The Abbott RealTime High Risk HPV Test (RT hrHPV test) was evaluated in a random sample of 1,456 patients from a German routine screening population of 13,372 women ≥30 years of age screened primarily by liquid-based cytology (LBC) that was complemented by 48 CIN3+ cases. Clinical sensitivities, relative specificities and positive predictive values (PPV) for both HPV tests were determined based on histologically confirmed high-grade cervical disease (CIN3+) as clinical outcome.

Results

HR HPV prevalence in residual LBC samples was found to be 5.4 % by the RT hrHPV test and 5.6 % by the HR HC2 test, respectively. The Kappa-value for overall agreement between the RT hrHPV test and the HC2 assay for detection of HR HPV was 0.87. Relative sensitivities for detection of CIN3+ in patients with abnormal cytology was 93.8 % for the RT hrHPV assay and 97.9 % for HC2 (p-value = 0.5). Relative specificities and PPVs were comparable for both tests. The highest PPV was calculated for the specific detection of HPV16 by the RT hrHPV test (84.2 %). The RT hrHPV test showed a reduced sensitivity for detection of HVP31-positive CIN3 + .

Conclusion

The RT hrHPV assay is as sensitive and specific in detecting severe cervical lesions in women with abnormal cytology as the HC2 HR HPV test.

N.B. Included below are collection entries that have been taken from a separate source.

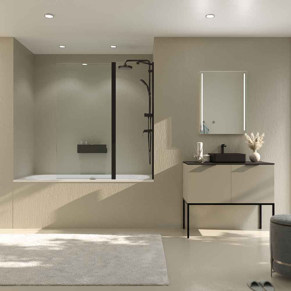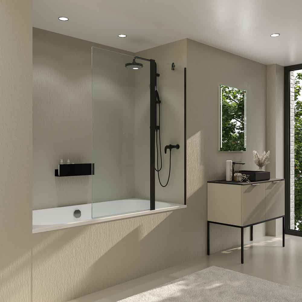 Mampara de bañera OPEN 1 fijo – 1 hoja abatible 125 cm NEGRO MATE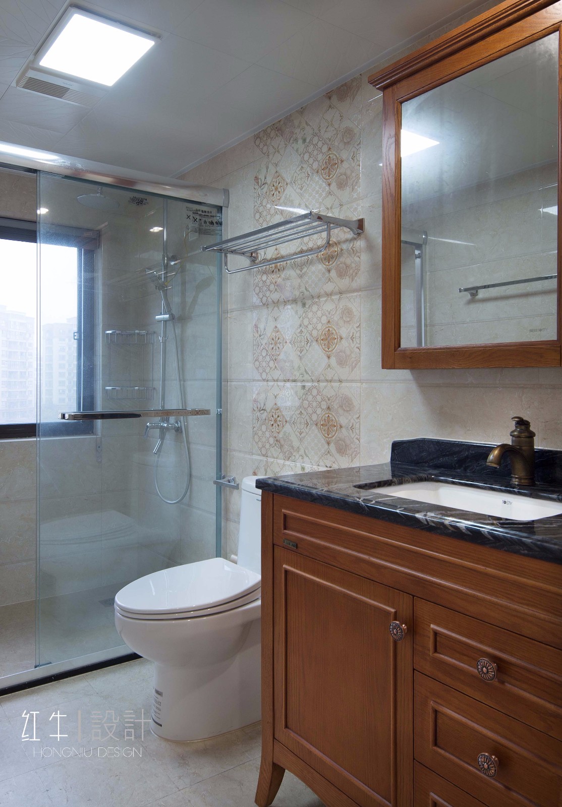馬桶后方的墻上,貼上了花紋瓷磚,低調(diào)中又有變化。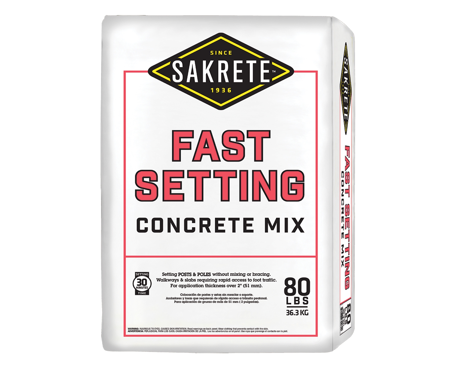 Sakrete's Fast Setting Concrete Mix sets in approximately 30 minutes, resulting in same day use. It also offers high strength, making it ideal for various applications including setting posts, poles, slabs, stairs and ramps. It is ideal for structural applications requiring a small volume of concrete.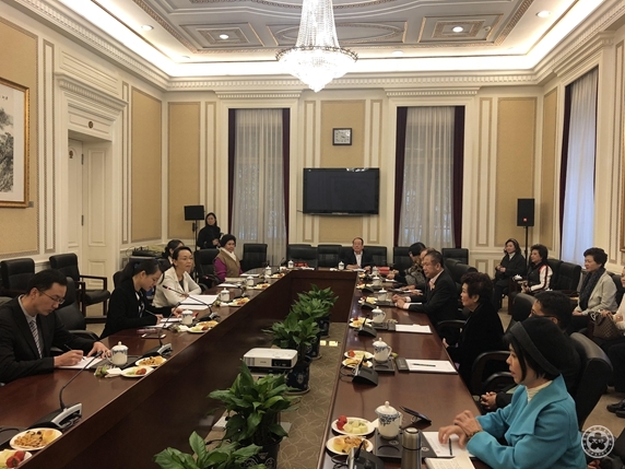 Mme. Lin Yi, Vice President of the Chinese People’s Association for Friendship with Foreign Countries (CPAFFC), met with Mme. Chansamorn Wattanavekin, the founder of Thai-Chinese Women Association (TCWA), Mr. Sanan Angubolkul, Chairman of the Board of the Bangkok College of Beijing Language and Culture University (BLCU), and student representatives from training class for Chinese language consisted of high-level entrepreneurs on April, 3rd.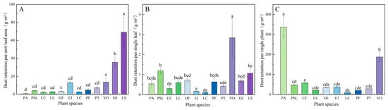 Dust retention per unit leaf area (A), per single leaf (B), and single plant of different plants (C). Different lowercase letters indicate significant differences in dust retention per unit leaf area (A), per single leaf (B), and single plant of different plants (C) among various species at the 0.05 level. PA (P. acerifolia); PSL (P. serrulata var. Lannesiana); GB (G. biloba); CC (C. camphora); LL (L. lucidum); OF (O. fragrans); EJ (E. japonicus var. albo-marginatus); LCt (L. chinense var. rubrum); PF (P. fraseri); PT: Pittosporum tobira; VO (V. odoratissimum); OJ (O. japonicus); LS (L. spicata) (same below).

Since the introduction of opportunistic cytological screening in Germany in 1971 the cervical cancer mortality rate has notably decreased [1]. However, 4,600 new cases and approximately 1,500 deaths due to cervical cancer are diagnosed in Germany each year [2]. Moreover, 150,000 cases of cervical cancer precursors (CIN3) are detected annually [3] and cervical cancer is the cause for 1.5 % of all female cancer deaths in Germany [2]. As persistent infection with High-Risk Human Papillomaviruses (HR HPV) is a necessary risk factor for the development of (pre)-cancer, numerous HPV tests are nowadays commercially available [4] to be used in cervical cancer screening programs [5]. However, only a small number of these tests have been approved by the FDA [6] with the Digene Hybrid Capture 2 High-Risk HPV DNA test as the first one (HC2; QIAGEN Hilden, Germany). The HC2 has been developed for the collective detection of 13 carcinogenic HPV types (16, 18, 31, 33, 35, 39, 45, 51, 52, 56, 58, 59, 68) [7]. It is one of the best validated HPV tests whose methodology is based on nucleic acid hybridization with signal amplification for qualitative detection of HPV-DNA within cervical samples.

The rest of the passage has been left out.